Figure 2 Follow-up after end of screening. Schematic illustration of birth cohorts invited in the four pilot counties of the Norwegian Breast Cancer Screening Program (NBCSP) in the period 1996 – 2009. The pink-shaded area indicates women who received an invitation. The yellow-shaded area indicates women previously invited. The blue-shaded area indicates women who have never been invited. All three studies evaluating overdiagnosis after the implementation of the NBCSP include women aged 70 – 79 in the post-screening period ( 18 – 20). The red line marks the authors’ demarcations. Based on the population data ( 21) and the start date of the NBCSP in the different counties (information from the Cancer Registry), I have calculated the proportion of women-years within the red demarcation line who have been invited previously (see appendix). The study by Falk et al. ( 20) applies individual data with 100 % previously invited (left-hand panel). Zahl & Mæhlen ( 18) studied the period 1998 – 2009 with 52 % previously invited (middle panel). Kalager et al. ( 19) studied the period 1996 – 2005 with 29 % previously invited (right-hand panel)

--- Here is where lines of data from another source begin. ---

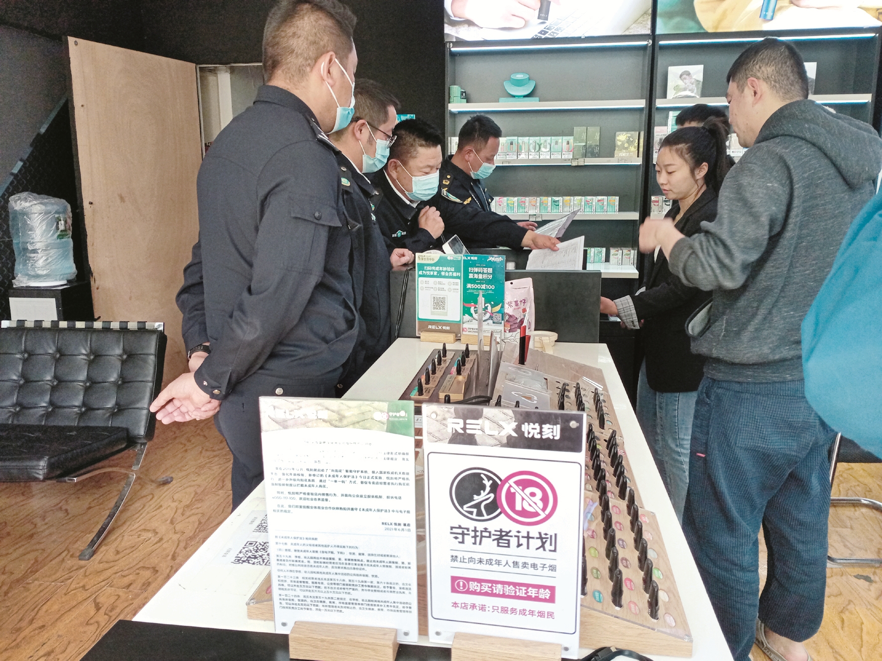 4月25日上午,市公安局和市煙草專賣局等四部門工作人員在柳梧新區(qū)聯(lián)合開展了電子煙銷售網(wǎng)點(diǎn)檢查。每到一個電子煙銷售網(wǎng)點(diǎn),執(zhí)法人員會詳細(xì)查看銷售網(wǎng)點(diǎn)是否具有相關(guān)經(jīng)營資質(zhì)、是否設(shè)立不得向未成年人售賣電子煙警示標(biāo)志以及身份證件核驗(yàn)等規(guī)定落實(shí)情況,并向電子煙經(jīng)營者進(jìn)行相關(guān)法律法規(guī)宣傳,告知經(jīng)營者嚴(yán)禁向未成年人銷售電子煙。
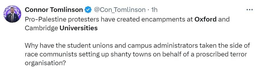 "Pro-Palestine protesters have created encampments at Oxford and Cambridge Universities. Why have the student unions and campus administrators taken the side of race communists setting up shanty towns on behalf of a proscribed terror organisation?," reads a message on X Platform.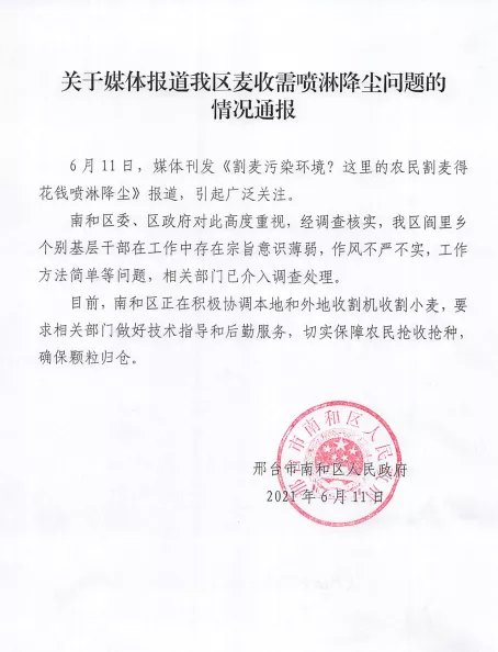 原标题《关于媒体报道我区麦收需喷淋降尘问题的情况通报》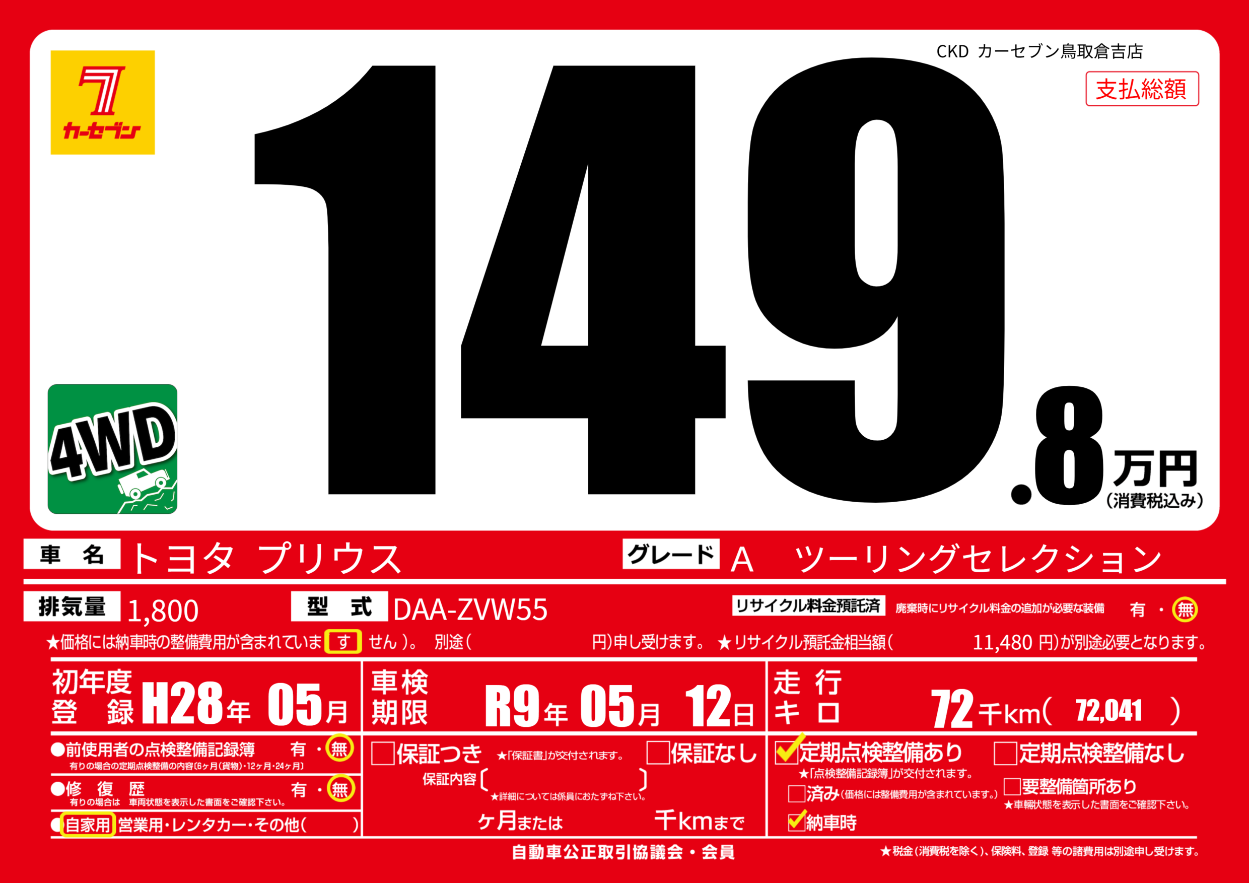 | 車名 | トヨタ プリウス | グレード ミッション 排気量 |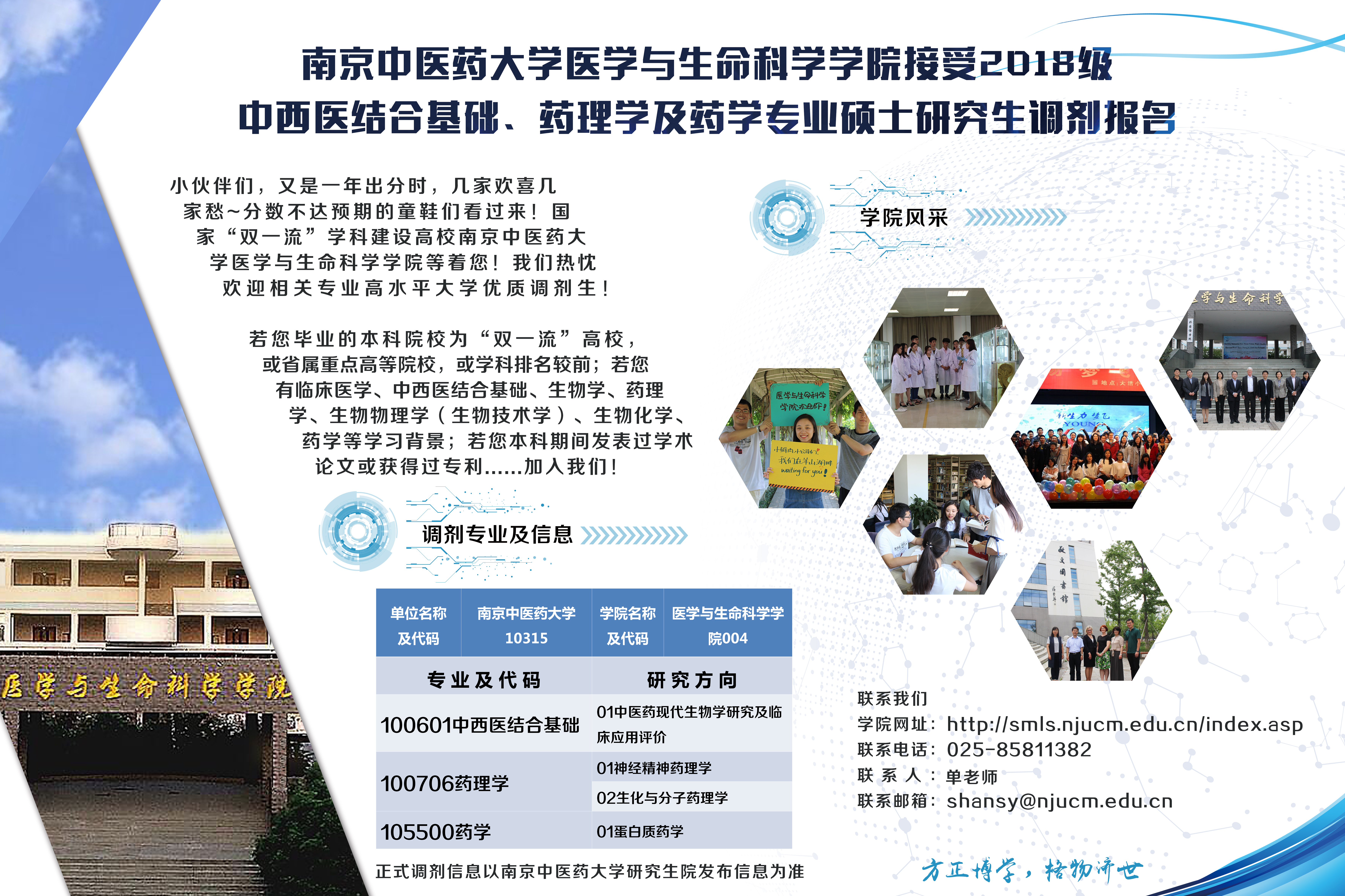 三亿体育官网医学与生命科学公司接受2018级中西医结合基础、药理学及药学专业硕士研究生调剂报名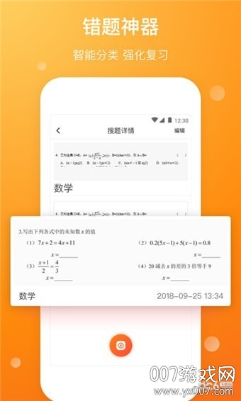 错题神器:智能分类,强化。自动将错题按学科、知识点分类,生成专属错题本,定期推送相似题型巩固练习。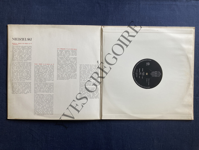 BEETHOVEN: SONATE EN DO MAJEUR, OP.53 "WALDSTEIN"-CHOPIN: BALLADE EN SOL MINEUR, OP.23-LISZT: RHAPSODIE N°2 DO DIESE MINEUR-EN COUVERTURE TOUCHES DE PIANO STYLISEES ROUGES GRISES ET NOIRES-TEXTE EN FRANCAIS ET ANGLAIS-PHOTOGRAPHIE-BIOGRAPHIE-DISQUE PROCHE DU NEUF-(EM16CA)
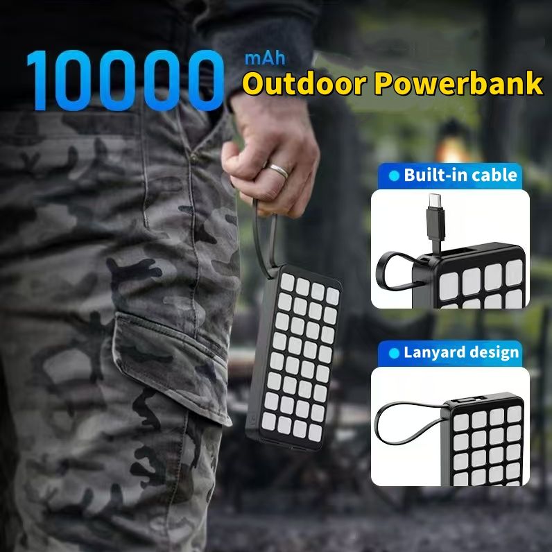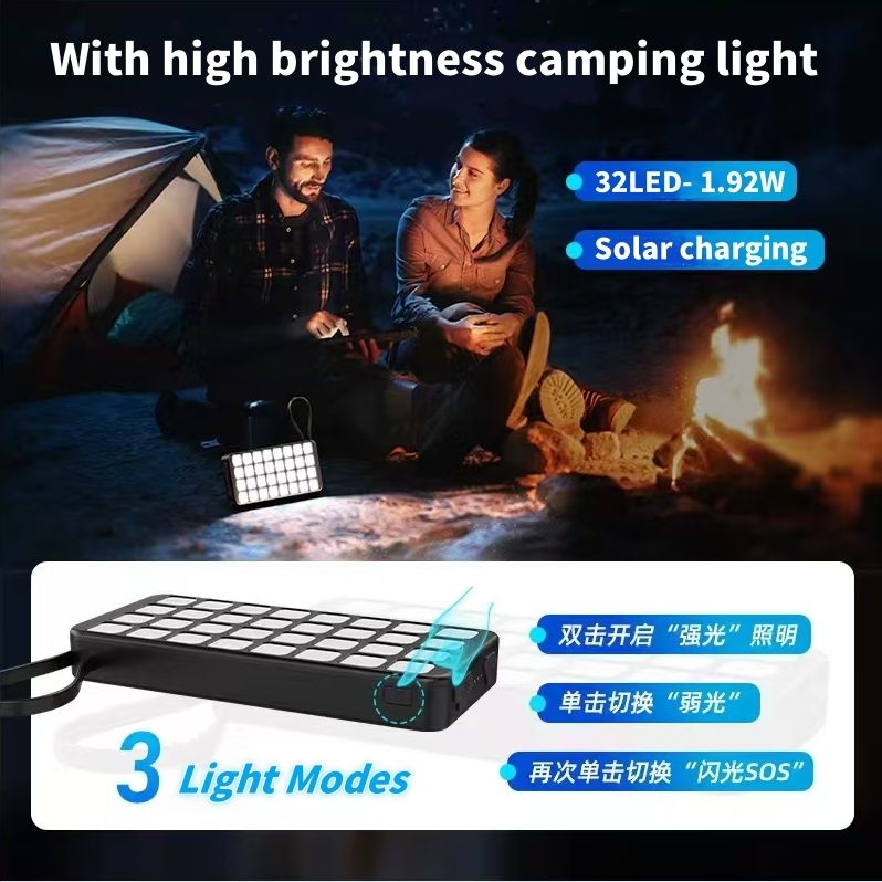 10000mAh Waterproof Solar Powerbank Multifunctional Dual USB Ports Solar Charger LED Light Power Bank for Camping Outdoor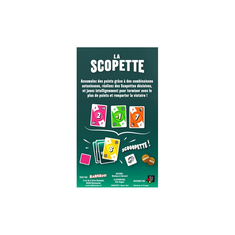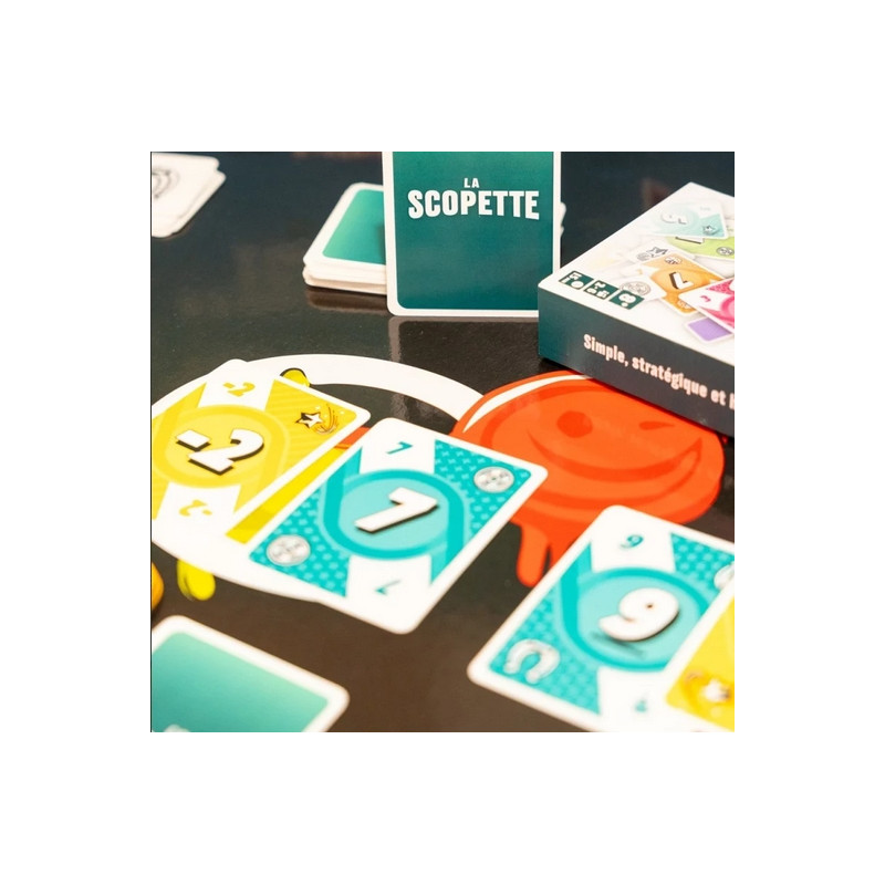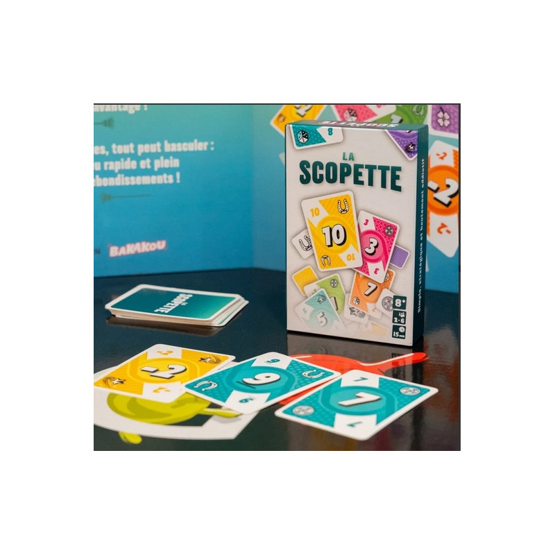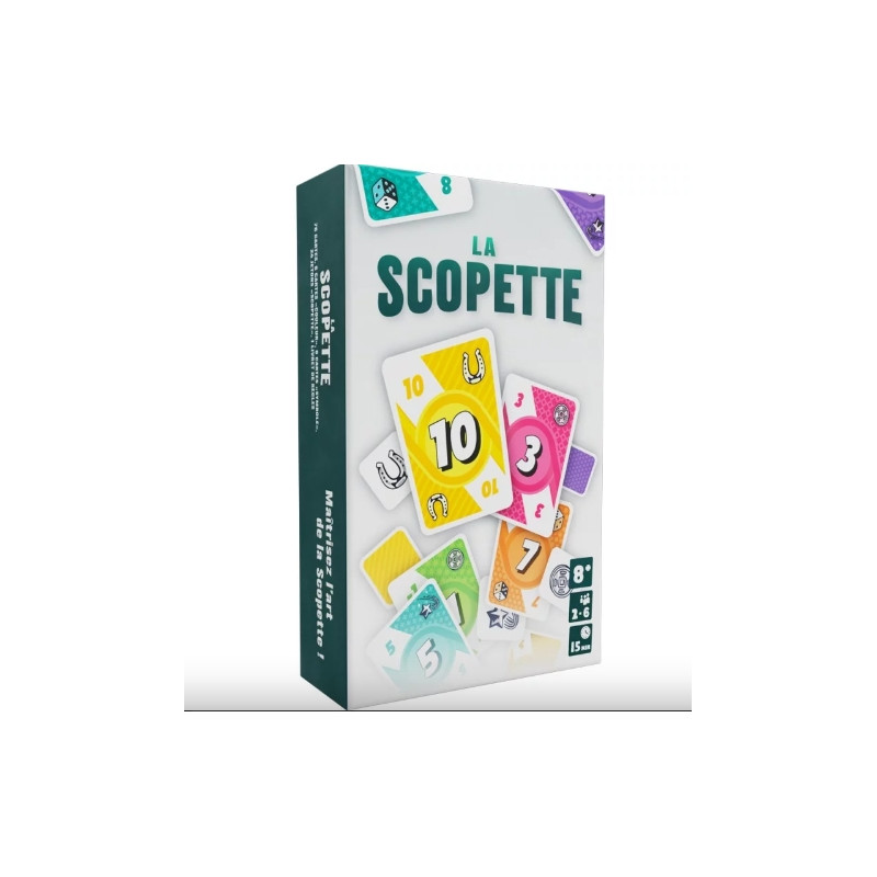 Videz la table ou votre main pour décrocher la Scopette et prendre l’avantage ! En 15 minutes, tout peut basculer : un jeu rapide et plein de rebondissements !

Kalager et al. reported that 15 – 25 % of the breast cancer cases among invited women constituted overdiagnosis (
19). They studied the incidence rates of breast cancer among women in the study group compared with incidence rates in three different control groups. They considered the women in relation to age (Fig. 1, quadrate) up to the end of 2005 (Fig. 2, right-hand panel). This means, based on my calculations, that 71 % of the women-years in the four pilot counties have been erroneously included in the post-screening period (see appendix). I calculate that this percentage was even higher for the other counties: 81 – 100 % (see appendix). The proportion of overdiagnosis was measured as excess breast cancer cases in relation to cases without screening in the age group 50 – 79.
We carried out a cohort study using anonymised individual data (
20). The women were followed from the date of first invitation and up to the end of 2009 (Fig. 2, left-hand panel). A woman’s attendance was classified in relation to her screening history. The proportion of overdiagnosis was estimated for women who follow the national recommendations for ten screenings between the ages of 50 and 69. The time perspective without screening was calculated for age 50 and older. The proportion of overdiagnosis of breast cancer among invited women was estimated as 10 – 11 %.
There are significant differences between these studies with respect to the accuracy of the data and the length of follow-up. Figure 1 illustrates the inaccuracies which arise if age is used instead of birth cohort in the analysis. In studies of the post-screening period, it is a prerequisite that
all the women included should have been invited previously, in order to include the compensatory drop in incidence. This condition is not fulfilled for two of the studies (Fig. 2). The measure of overdiagnosis is defined for different women and for different age groups in the three studies mentioned.
There are many methodological challenges associated with evaluating the NBCSP, and the results must be seen in the light of whichever method is applied. Using summarial figures may lead to erroneous classification of the women’s invitation status. It is therefore necessary to apply individual data. Evaluation of mortality and overdiagnosis require long-term follow-up data to provide correct estimates.